このブログは僕の物語。似た物語があると、とても助かるんだ。Xさんの物語にシンクロし、僕自身の物語を豊かに発展してゆける。ふたつを比べてどっちが良いとか悪いとか、そういうことではないんです。X物語をTiki物語に引き寄せて、そうか、そっちの方にも展開できるんだ!いろいろなアイデアが浮かぶ。
それに、明後日、河辺貴子さんが授業に来てくれるんだ。9年前、夫をガンで亡くすまでのプロセスを絵日記にしてホスピスの個室のドアに貼り続けたのが注目され本になり、NHKでも放映された。何年か続けて僕の授業に来てもらい、学生たちに家族の死、そしていのちの尊さを語ってもらった。ここ2-3年は休んでいたのだけど、今回また来てもらうことにした。河辺さんの、愛する命を送る物語。それに学生たちからの質問。先週、NHKのビデオを見せ、私のブログを見せて、「河辺さんと私に聞きたいこと」という課題を出したんだ。学生のためもあるけど、僕自身のためなんだよね。
Xさん、河辺さん、そして学生たち。そういうのを全部利用して僕の物語を広げていくんだ。
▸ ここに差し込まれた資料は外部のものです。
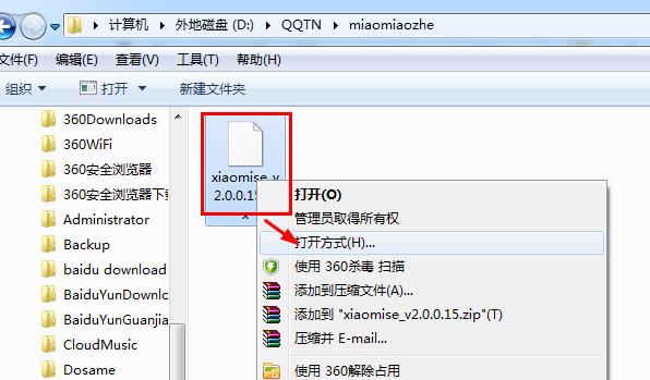 1、解压文件,鼠标右键点击【xiaomise_v2.0.0.15.crx】,选择【打开方式】;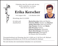 Unfassbar, dass Du nicht mehr da bist, doch wunderbar zu wissen, dass Du bei uns warst. Erika Kerscher * 09. August 1951 + 25.Oktober 2025 Straubing, den 31.10.2025 In Liebe und Martin Kerscher, Sohn mit Familie Dankbarkeit: Christina Müller, Tochter mit Manfred Andreas Kerscher, Sohn mit Familie Anja Pammer, Tochter mit Marko Julia Kerscher, Tochter Johanna Dietlmeier, Schwester Maria Zitzelsberger, Schwägerin Helene Kerscher, Schwägerin Im Namen aller Verwandten Trauergottesdienst am Dienstag, den 04.11. 2025 um 11.30 Uhr in St. Michael. Beerdigung anschließend um 13.00 Uhr am Friedhof St. Michael. Für alle Zeichen der Anteilnahme bedanken wir uns herzlich. Unfassbar, dass Du nicht mehr da bist, doch wunderbar zu wissen, dass Du bei uns warst. Erika Kerscher * 09. August 1951 + 25.Oktober 2025 Straubing, den 01.11.2025 In Liebe und Dankbarkeit: Martin Kerscher, Sohn mit Familie Christina Müller, Tochter mit Manfred Andreas Kerscher, Sohn mit Familie Anja Pommer, Tochter mit Marko Julia Kerscher, Tochter Johanna Dietlmeier, Schwester Maria Ziztelsberger, Schwägerin Helene Kerscher, Schwägerin Im Namen aller Verwandten Trauergottesdienst am Dienstag ,den 04.11.2025 um 11.30 Uhr in St. Michael. Beerdigung anschließend um 13.00 Uhr am Friedhof St. Michael. Für alle Zeichen der Anteilnahme bedanken wir und herzlich.

おたくの心情が何となく理解できるようになった。コスプレ、鉄道、アニメ、何でもいい。そこに没頭することで、自分独自の世界を作ることができる。その中に自己を投影し、自分なりの秩序を作ることができる。
僕の中の優子の世界もおたくと同様だ。僕だけのユニークな世界。僕が構成している。具体的にいえば、優子を失った悲しみの世界。どう僕と子どもたちが悲しみと向き合い(あるいは避け)乗り越えた(乗り越えなかった)のか。そして、21年間、優子と共に築いてきた家族という日常の世界。それがどう生まれ、どう終わったのか。さらに付け加えるなら、優子と一緒になる前の僕自身の世界と優子自身の世界。それら全部が含まれる。
その世界のプレイヤー(選手)は僕と子どもたち。その周りに内野席と外野席から多くの人たちが見守ってくれる。
優子が生きている時、僕の物語は語る必要はなかったし、その存在に気づくことさえ不要だった。第一の登場人物である優子と織りなす日常の物語。恋愛時代は毎晩欠かさなかった1時間ほどの長電話の中で、結婚してからは日常生活の中で、自然にお互いの中に吸収されていった。あえて物語らなくても、優子が僕を見て、僕が優子を見ていた。それで十分だった。

優子が突然亡くなり、僕の世界が一気に変容した。日常が崩れ去り、非日常の世界。そしてそれを一番近くで見ている人を失った。僕の存在を敢えて語り、人に伝えないと消えてしまいそうになった。話し言葉でいろんな人たちに語り、書き言葉で語ってきたのがこのブログだ。変容した僕の世界の地図です。この地図がないと道に迷ってしまう。優子といたときには、地図がなくても迷わなかった。

内野席・外野席の応援団とはまた別に、僕がブログに描く世界地図を手伝ってくれる人たちがいる。たとえば、Xさんと河辺さんは、彼ら自身が経験したパートナー喪失の物語を見せてくれる。東直子さんは、友だちの位置から優子の喪失を著してくれる。彼らが僕の作業にperspectiveを与えてくれ、観客席から見てくれる人たちが地図に価値を与えてくれる。

というようなことを、試験を監督しながら考えていました。受験生くんたちごめんなさい。